Abstract
Many of the features of trees represent arrangements that minimize the chance that they will uproot when exposed to high winds. At least four schemes, singly or in combination, keep the bases of trees from rotating in the face of the turning moment imposed by the drag of their leaves. Trunks and petioles are relatively more resistant to bending than to twisting, giving good support but permitting drag-reducing reconfiguration in high winds. Leaves curl and cluster in a variety of ways, all of which greatly reduce the drag they incur relative to the values for ordinary thin and flexible objects such as flags. However, information derived from measurement and experimentation about such mechanical matters is still quite limited.
Wind is caused by the trees waving their branches.
—Ogden Nash
Quite often, the mechanical failure of a tree is a result of wind and thus of a sideways force rather than the downward action of gravity. Since such a lateral force comes mainly from the drag of the leaves, the center of force must be well above ground level. As a result, the lower portions of a tree will face a substantial turning moment that may cause it to snap or uproot. That turning moment is the product of its drag, centered in the crown, and the moment arm of that force, very nearly proportional to its height. (Gravitational loading, by contrast, should most often lead to Euler buckling and thus fracture well above the ground.) Healthy trees fail both by snapping and uprooting. Which type of failure predominates varies greatly with both kinds of trees and habitats. Indeed, the scarcity of reported cases in which either one or the other represents over 90% of failures (see, for instance, 7,15,21) implies an impressive balance of risks in the construction of trees, with a good match between strengths of stems and anchorage.
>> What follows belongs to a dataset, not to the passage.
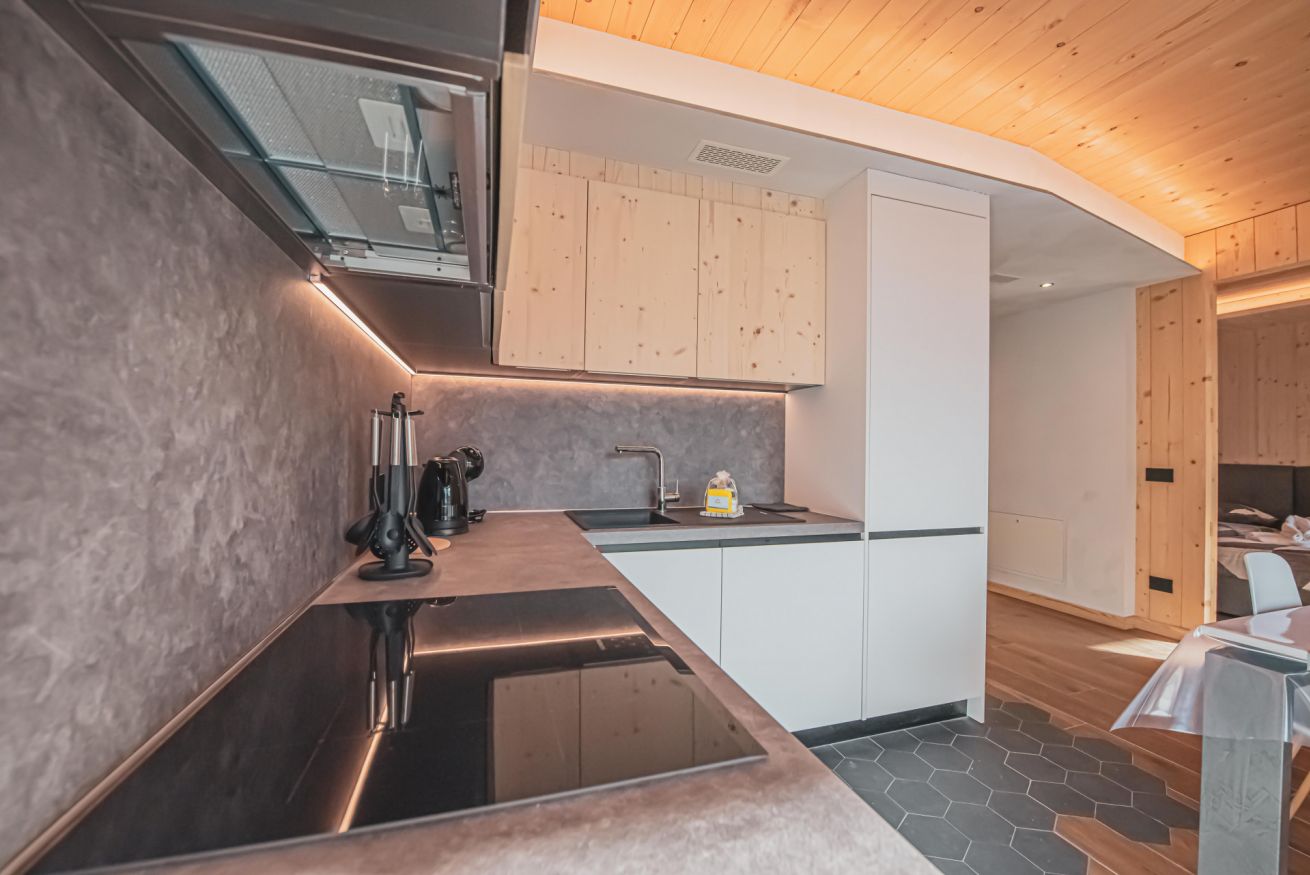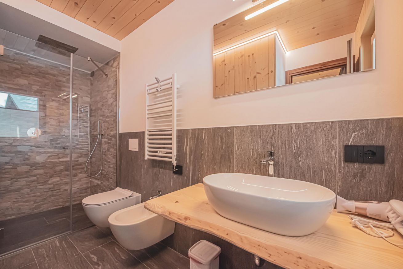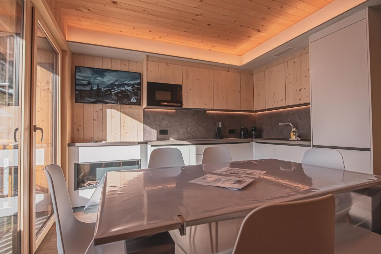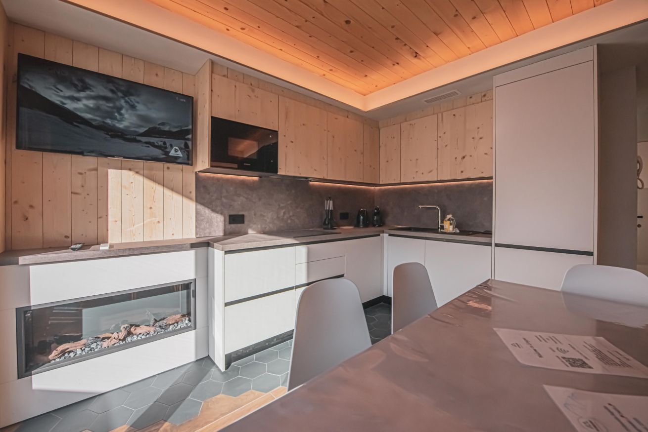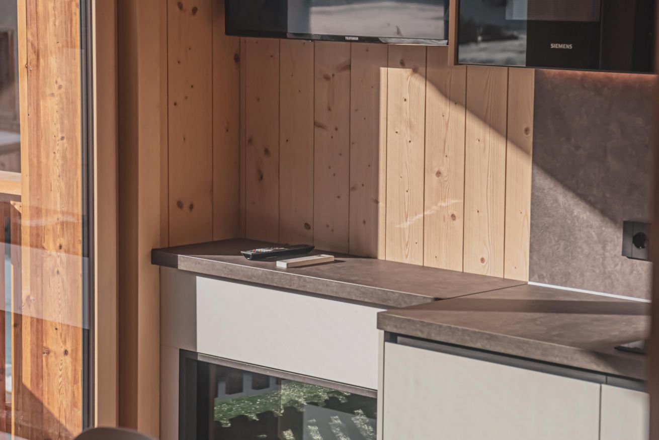 Dopo una giornata trascorsa sulle piste o lungo i sentieri alpini, potrete riporre la vostra attrezzatura nei locali riscaldati dedicati a sci e biciclette, rilassarvi all’aria aperta o gustare una cena con vista sulle montagne, approfittando del barbecue a legna messo a disposizione degli ospiti. Lo chalet offre anche parcheggio esterno gratuito, garage riscaldato e un moderno sistema di ventilazione che garantisce aria sempre fresca e salubre all’interno dell’abitazione.

To put the matter in personal terms, how might a tree in a competitive situation achieve both an acceptably low chance of mechanical failure and an acceptably low investment of material? Shortening the moment arm—growing less tall—is a viable option if its neighbors do likewise; after all, growing tall brings no single tree appreciably closer to the sun. But such a cooperative height-limitation treaty isn’t something at all likely among unrelated individuals for reasons deeply rooted in the competitive character of their interactions. Improving anchorage by altering the character of the substratum is only slightly more likely, at least at the level of the individual. The principal variables left for manipulation are thus the drag of the leaves, the size and material properties of the trunk, and the geometry of the roots as a system of anchorage.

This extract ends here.